Although HDI PCB fabrication can be expensive, there are several situations where blind vias, buried vias, and microvias offer a cost-effective solution.
High Density Interconnect (HDI) circuit board designs have a higher wiring and pad density than conventional PCBs, along with smaller trace widths and spaces. They require advanced PCB technologies such as blind vias, buried vias, and microvias. HDI PCBs are usually more costly than conventional PCBs due to the complex build-up process involved in fabrication.
Although HDI PCB fabrication can be expensive, there are several situations where blind vias, buried vias, and microvias can offer a cost-effective solution. Here are just a few scenarios where advanced PCB technologies may actually reduce the overall manufacturing cost.

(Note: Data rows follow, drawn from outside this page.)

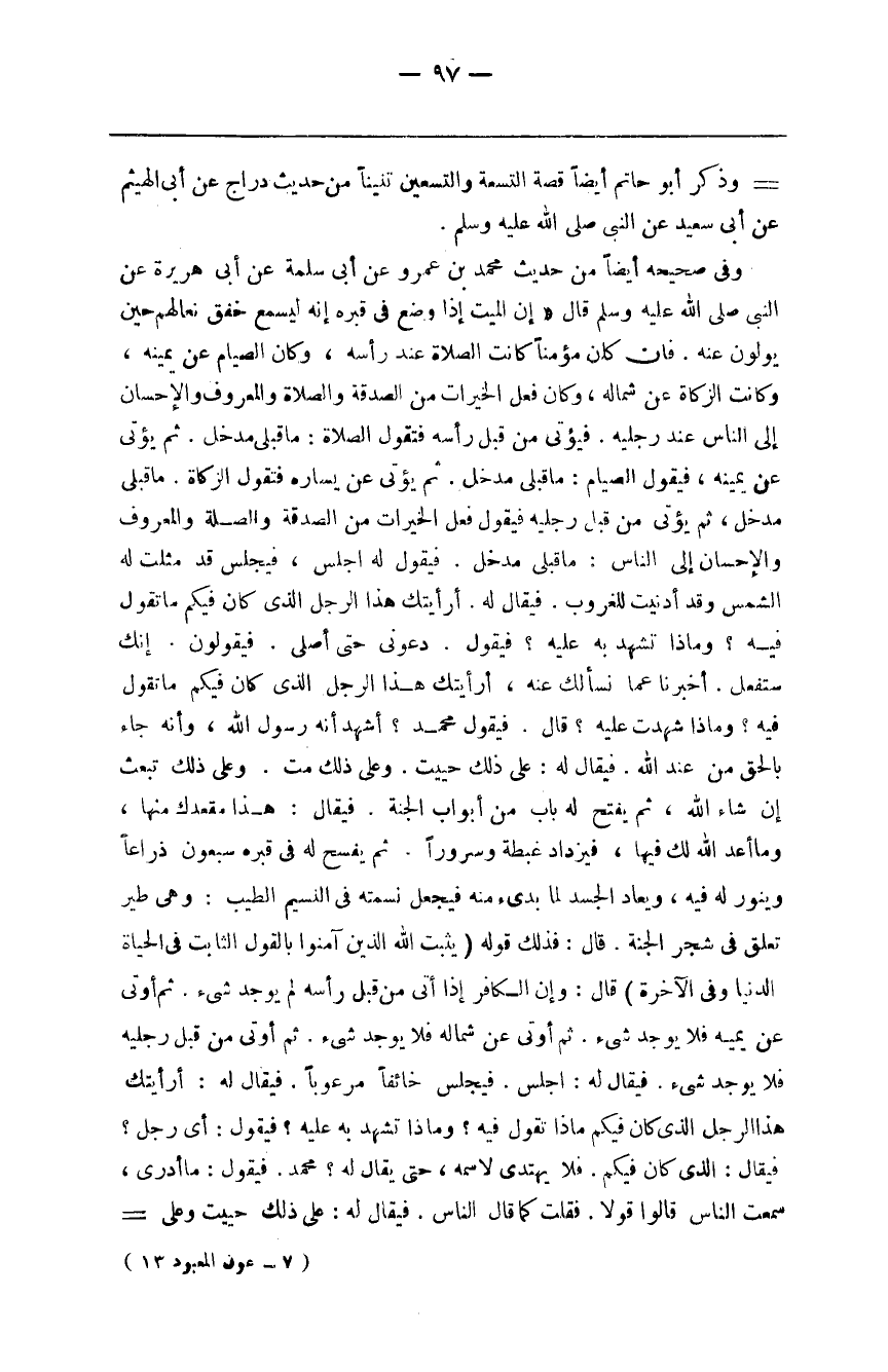 وذكر أبو حاتم أيضا قصة التسعة والتسعين تنينا من حديث دراج عن أبي الهيثم عن أبي سعيد عن النبي صلى الله عليه و سلم
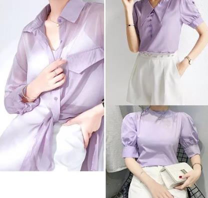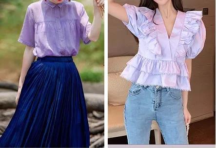 淡紫色是低饱和度的紫色,清新脱俗和完全不挑肤色,搭配白色下装,这个夏季你就是“白雪公主”代言人囖。
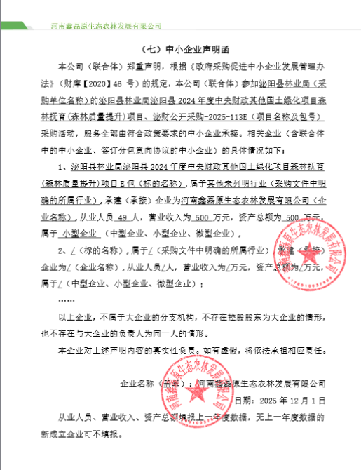 1 ******林业局泌阳县2024年度中央财政其他国土绿化项目森林抚育(森林质量提升)项目 E 包 详见招标文件 合格,符合国家及行业标准 20 日历天 合格,符合国家及行业标准
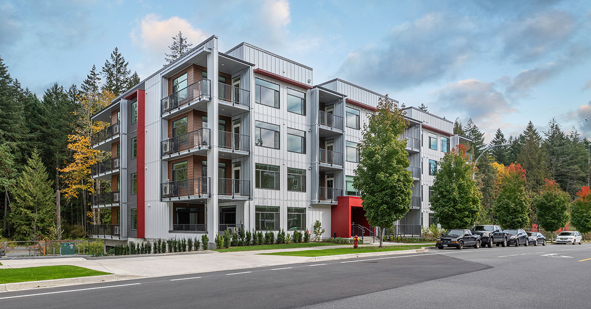 This project at 6030 Linley Valley Drive features 152 residential units across three buildings between 4 and 5 storeys, comprising of 137,918 SF of floor area. Although the three buildings use a similar language to provide architectural cohesion, they contrast in form and with coloured accents. The length, size, height and angle of all buildings are distinct, responding to their position on the site.
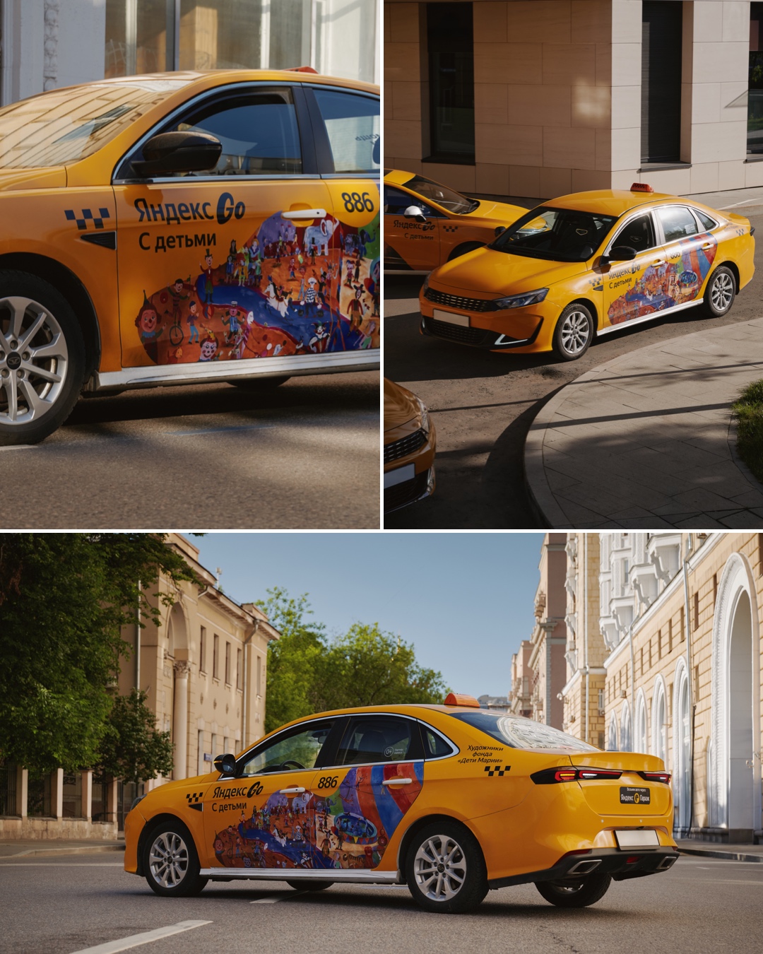 Мы вместе с Яндекс Такси и фондом «Помощь рядом»будем напоминать о том, что дети нуждаются в нас, в помощи и заботе на пути к самостоятельности. Тариф «Детский» в Яндекс Такси с рисунками детей-подопечных благотворительных фондов уже можно увидеть на дорогах Москвы и других больших городов.
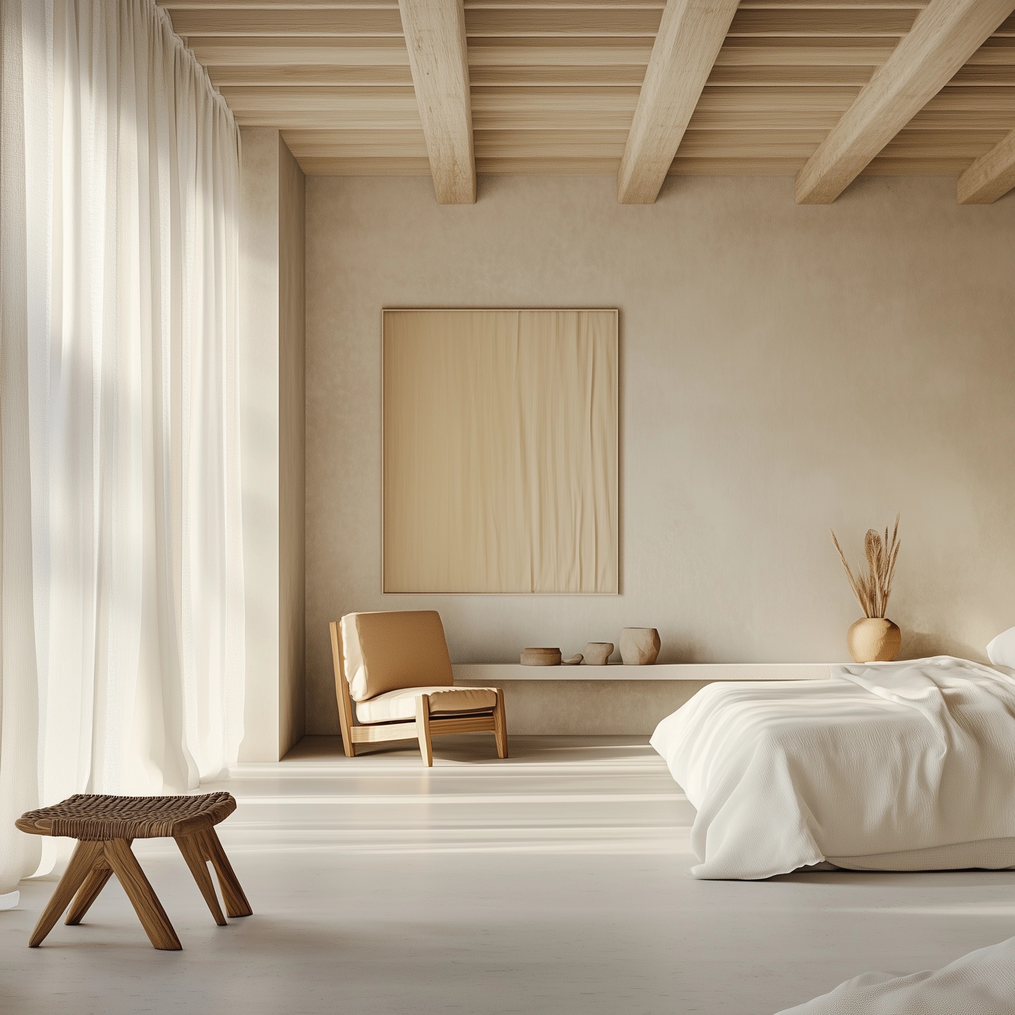 Those who long for a very modest, fresh image will find light-stained concrete floors perfect for their living space. What has actually happened here is that the concrete surface, instead of being plain, has been decorated with a small amount of a pale yellow color and as a result, it has a soft, earthy appearance. Painted wood ceilings and walls, sliding doors, and open areas are just some of the decors that fully used the neutral base to create a harmonious interior.

Scenario 1: Reduce layer count by widening the BGA breakout channel with a blind via
If you're using through-hole vias for a design and the trace escape for a ball grid array (BGA) isn't going smoothly, consider widening the breakout channels on the bottom and inner layers with blind vias.
Consider the illustration below. The board on the top had three rows of through-hole vias, letting only four traces out between the 1st and 3rd rows.
By comparison, in the case of the board on the bottom, the via in the middle has been replaced with a blind via. The same channel now permits six traces, which equates to a 50% increase. This technique may allow you to reduce the layer count of your PCB and -- in turn -- reduce the cost.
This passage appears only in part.